GOAL OF THE EXERCISE:
Begin at the line below that holds "To unravel the" and end at the line that holds "昨日(8月8日)臺(tái)", transcribing each line exactly and skipping any picture.

DATASET:
◇ ◇ ◇ ◇ ◇ ◇ ◇
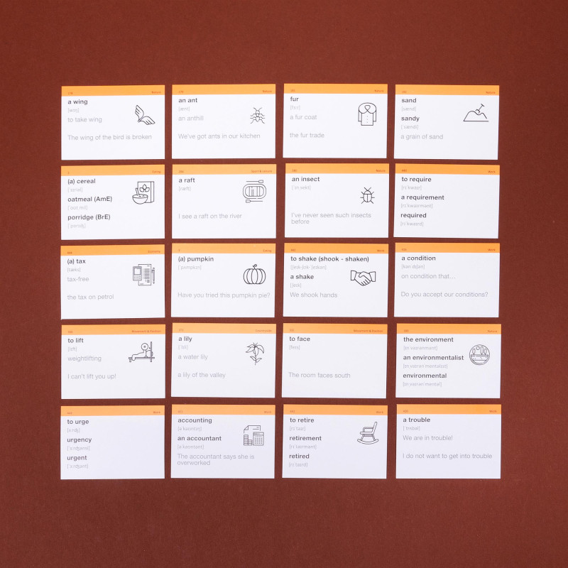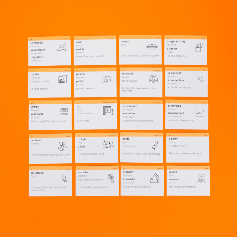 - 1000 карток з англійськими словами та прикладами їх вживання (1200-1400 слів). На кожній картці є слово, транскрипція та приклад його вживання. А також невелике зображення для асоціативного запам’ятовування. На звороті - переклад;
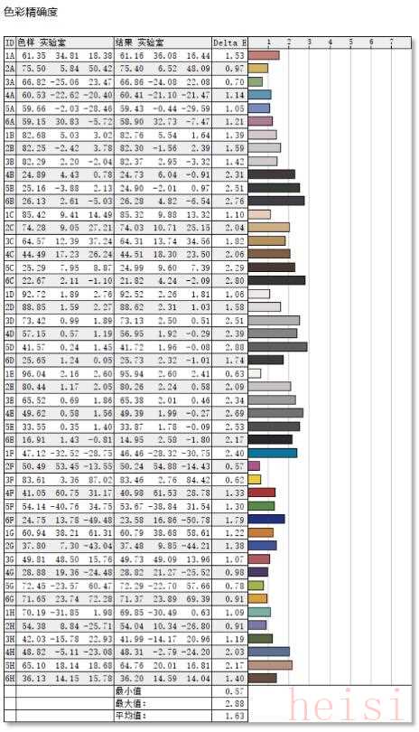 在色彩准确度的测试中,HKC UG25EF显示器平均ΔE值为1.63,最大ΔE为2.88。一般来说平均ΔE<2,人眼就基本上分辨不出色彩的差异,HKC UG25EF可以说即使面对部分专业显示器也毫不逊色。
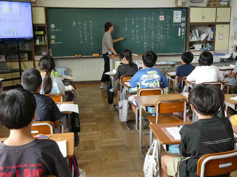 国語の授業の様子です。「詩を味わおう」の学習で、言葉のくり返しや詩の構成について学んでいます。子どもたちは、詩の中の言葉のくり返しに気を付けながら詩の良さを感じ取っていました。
◇ ◇ ◇ ◇ ◇ ◇ ◇
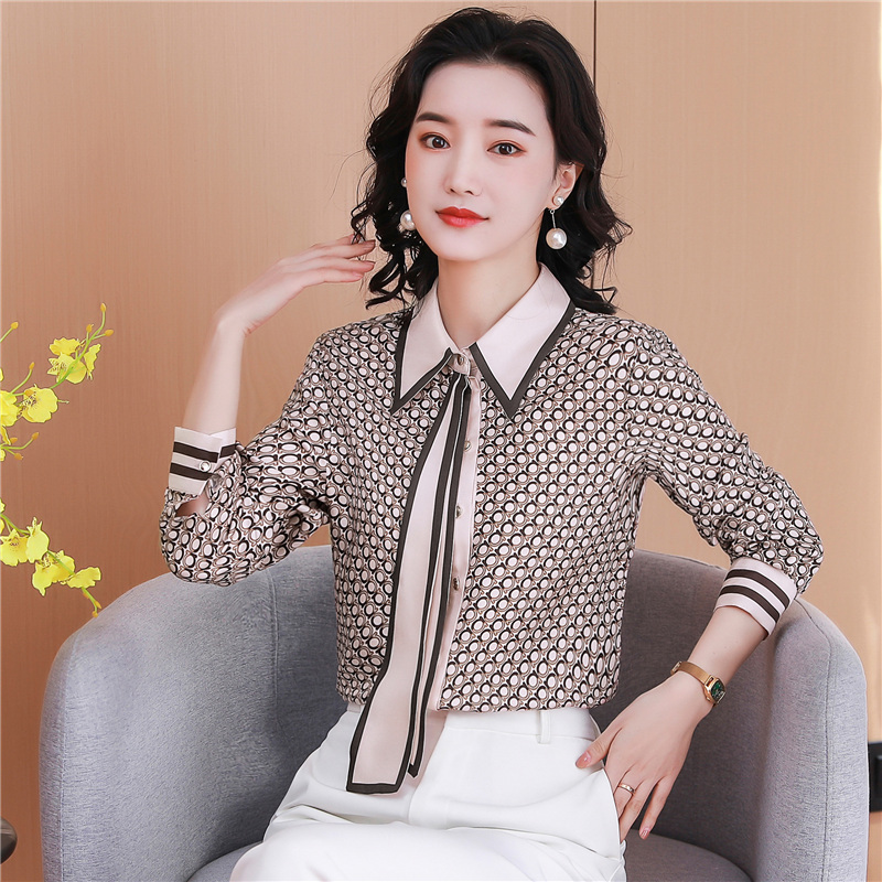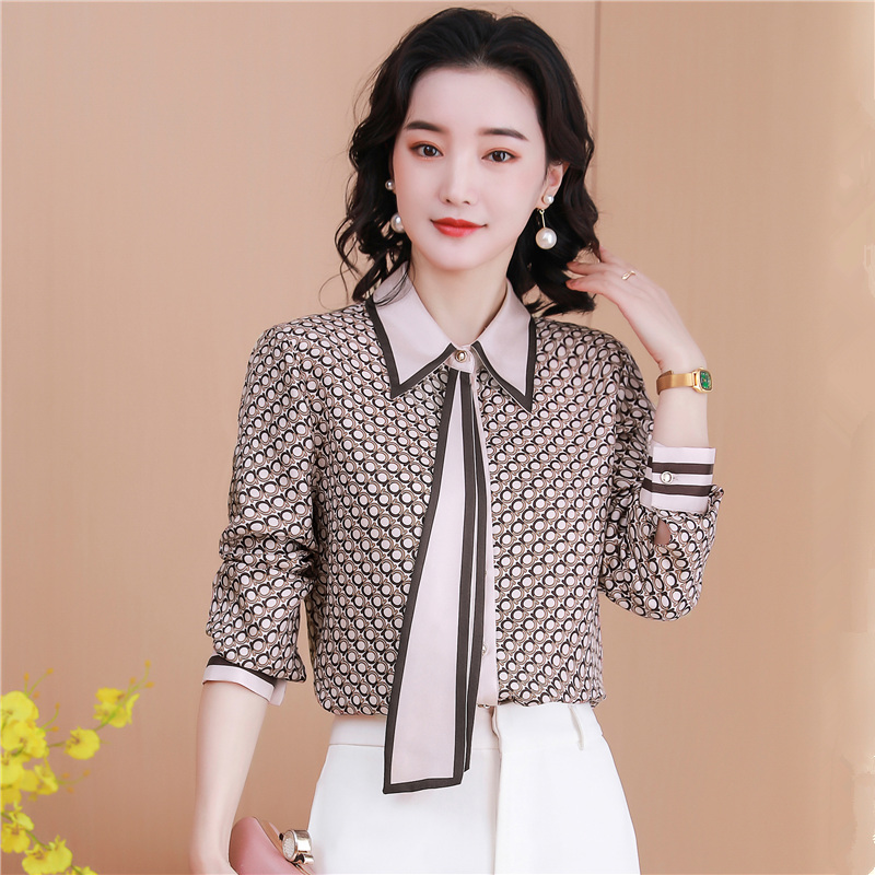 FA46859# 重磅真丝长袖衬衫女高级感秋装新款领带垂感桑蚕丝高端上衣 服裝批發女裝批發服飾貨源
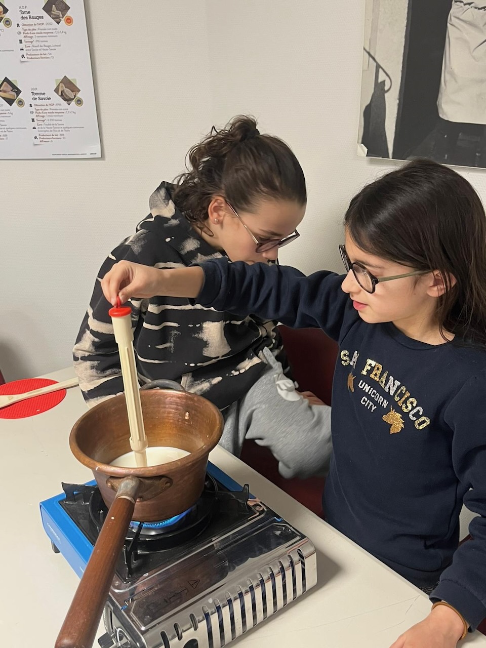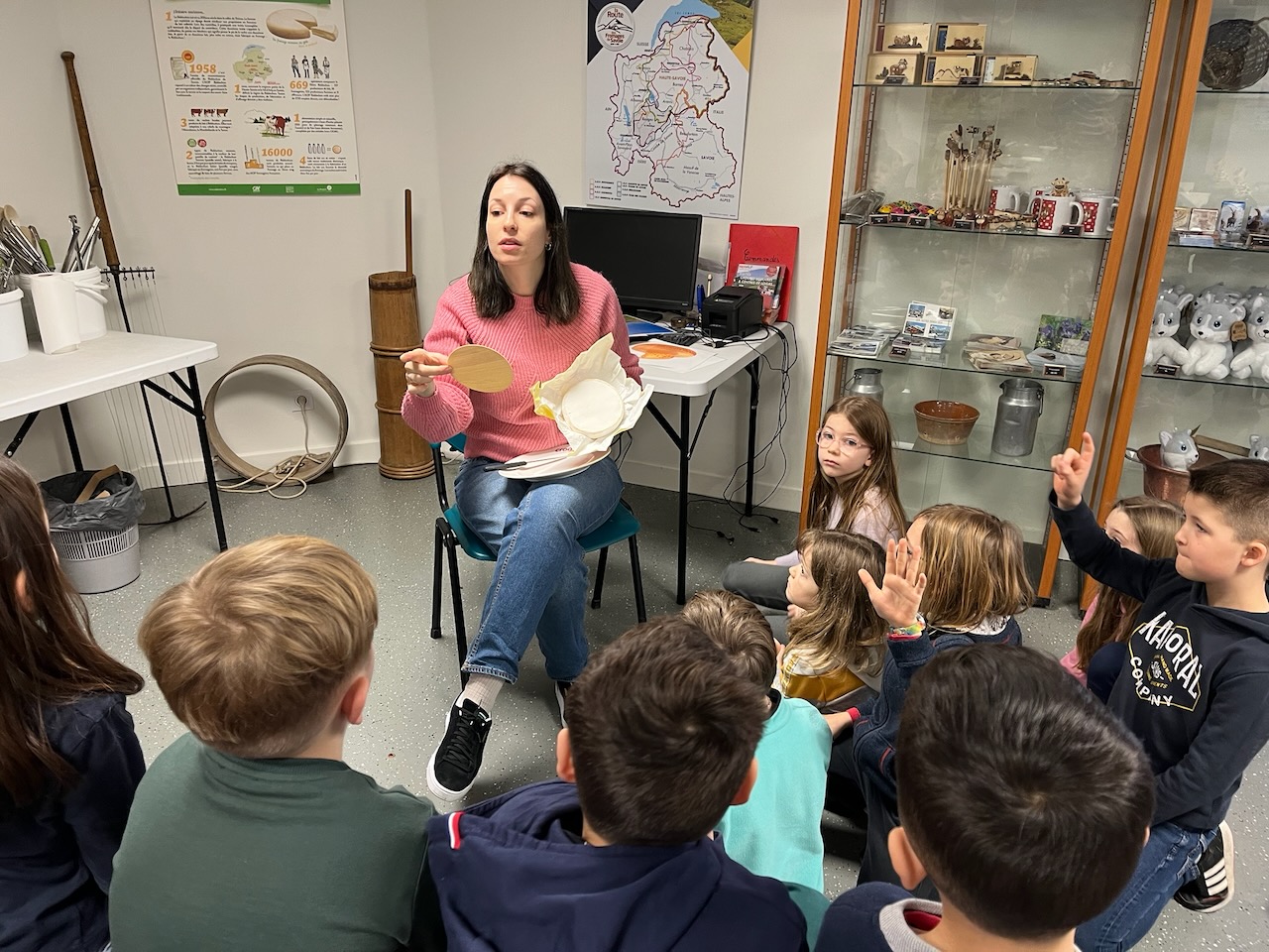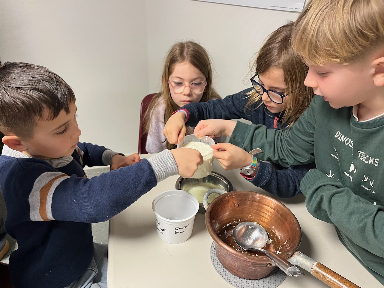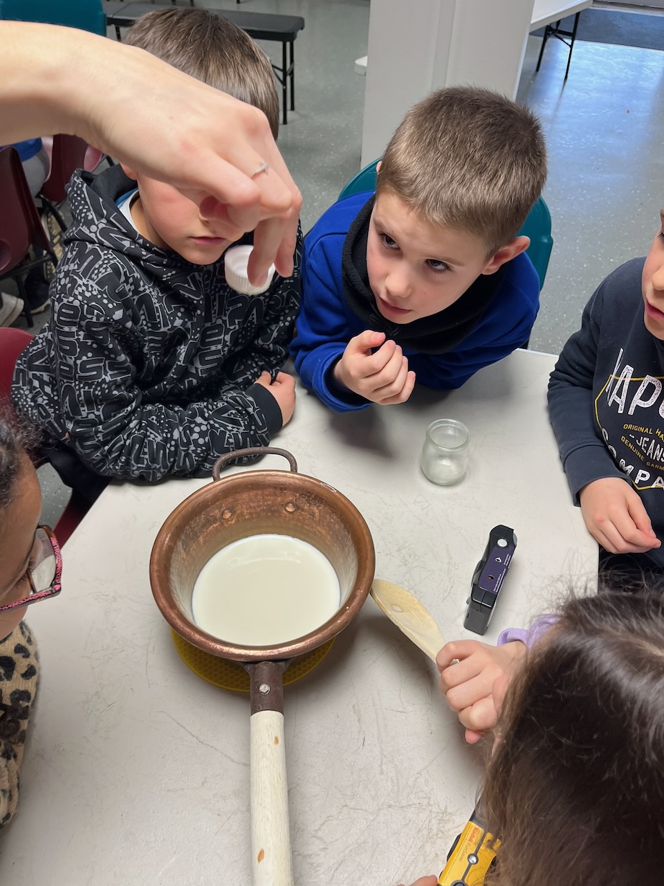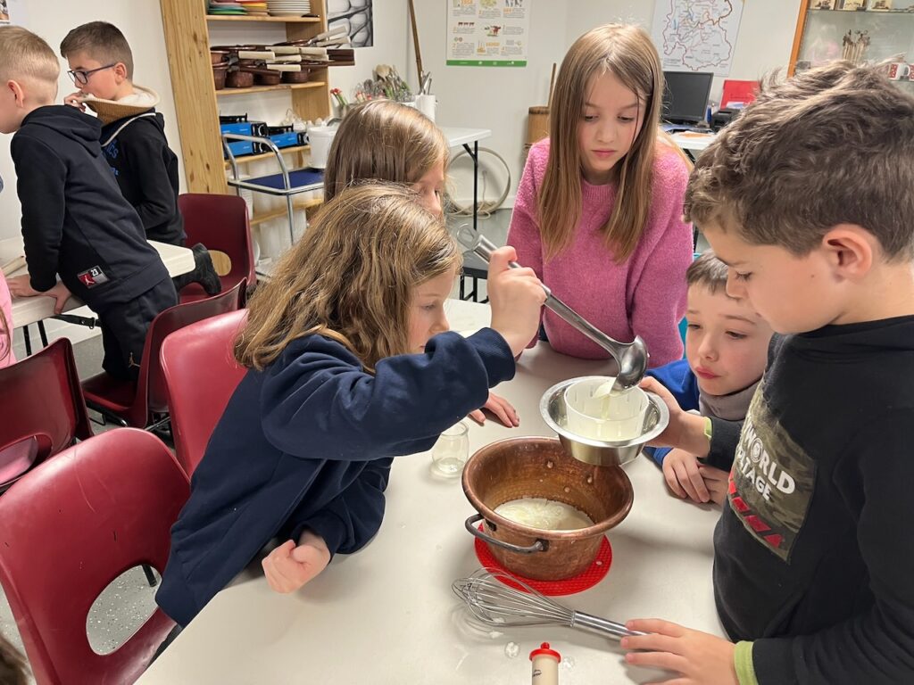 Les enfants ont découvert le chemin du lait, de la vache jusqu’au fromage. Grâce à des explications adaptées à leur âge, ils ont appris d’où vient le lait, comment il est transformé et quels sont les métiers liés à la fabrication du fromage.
◇ ◇ ◇ ◇ ◇ ◇ ◇
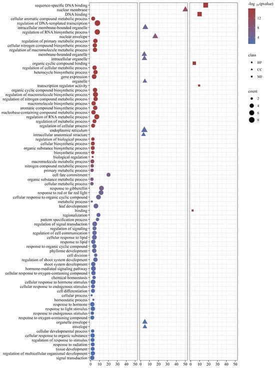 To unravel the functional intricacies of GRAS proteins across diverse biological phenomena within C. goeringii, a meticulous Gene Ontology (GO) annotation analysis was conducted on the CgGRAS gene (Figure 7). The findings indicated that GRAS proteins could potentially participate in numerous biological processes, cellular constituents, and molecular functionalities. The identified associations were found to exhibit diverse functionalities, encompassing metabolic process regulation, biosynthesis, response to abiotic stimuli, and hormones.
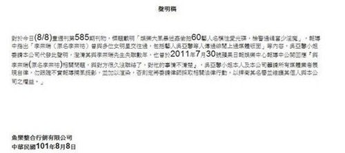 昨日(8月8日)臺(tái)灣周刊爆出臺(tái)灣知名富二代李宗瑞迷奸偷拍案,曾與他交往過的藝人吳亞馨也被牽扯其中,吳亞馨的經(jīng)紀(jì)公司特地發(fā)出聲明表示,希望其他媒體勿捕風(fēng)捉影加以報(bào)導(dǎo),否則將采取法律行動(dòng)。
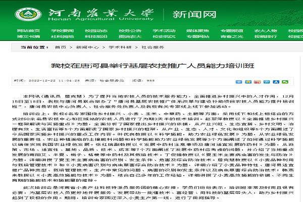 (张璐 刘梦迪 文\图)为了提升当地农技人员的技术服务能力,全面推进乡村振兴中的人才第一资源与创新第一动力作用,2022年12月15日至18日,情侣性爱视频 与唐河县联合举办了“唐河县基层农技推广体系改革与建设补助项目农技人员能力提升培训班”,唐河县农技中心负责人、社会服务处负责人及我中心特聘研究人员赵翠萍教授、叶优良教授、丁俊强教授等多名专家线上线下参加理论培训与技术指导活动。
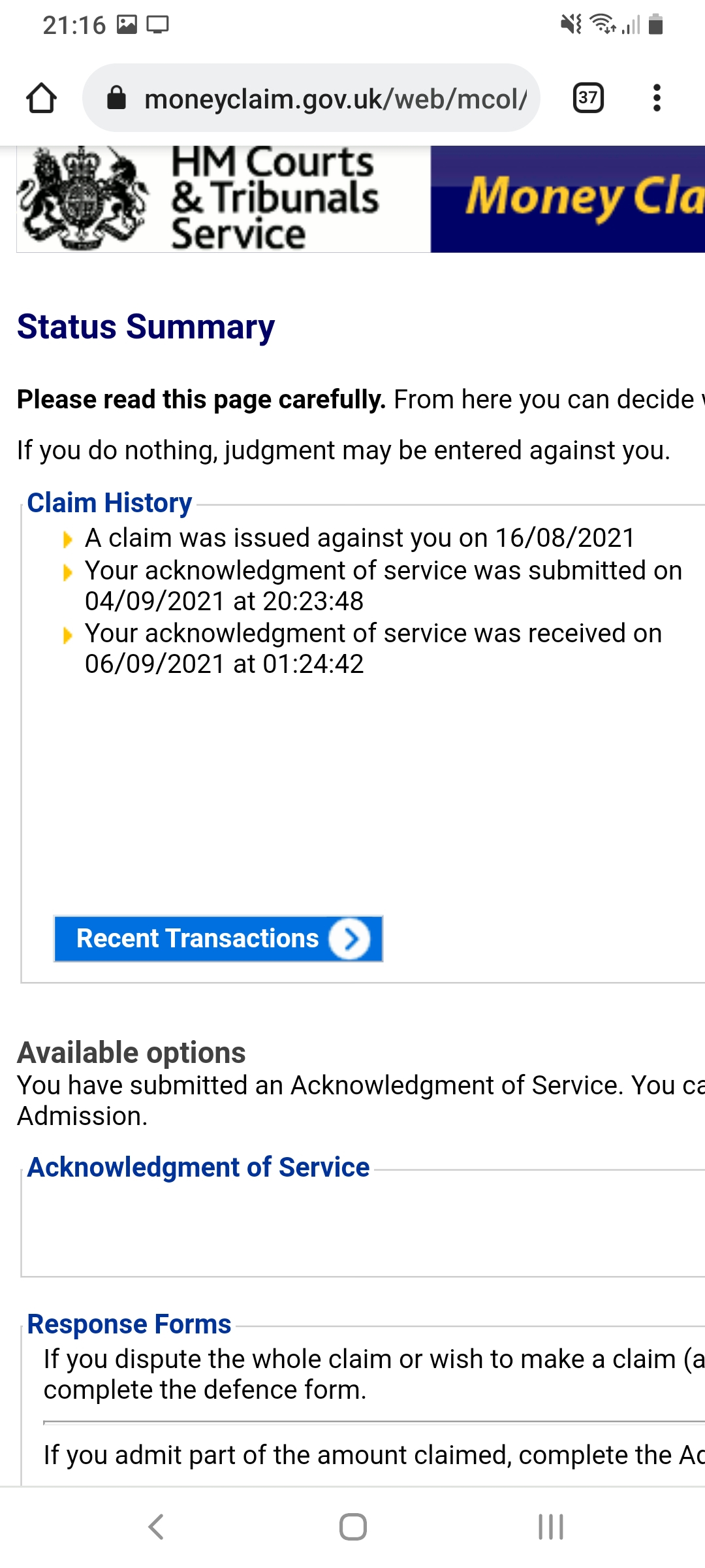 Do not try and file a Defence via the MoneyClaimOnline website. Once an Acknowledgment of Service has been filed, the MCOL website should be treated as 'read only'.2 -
◇ ◇ ◇ ◇ ◇ ◇ ◇
PROBLEM SOLUTION:
 To unravel the functional intricacies of GRAS proteins across diverse biological phenomena within C. goeringii, a meticulous Gene Ontology (GO) annotation analysis was conducted on the CgGRAS gene (Figure 7). The findings indicated that GRAS proteins could potentially participate in numerous biological processes, cellular constituents, and molecular functionalities. The identified associations were found to exhibit diverse functionalities, encompassing metabolic process regulation, biosynthesis, response to abiotic stimuli, and hormones.
 昨日(8月8日)臺(tái)灣周刊爆出臺(tái)灣知名富二代李宗瑞迷奸偷拍案,曾與他交往過的藝人吳亞馨也被牽扯其中,吳亞馨的經(jīng)紀(jì)公司特地發(fā)出聲明表示,希望其他媒體勿捕風(fēng)捉影加以報(bào)導(dǎo),否則將采取法律行動(dòng)。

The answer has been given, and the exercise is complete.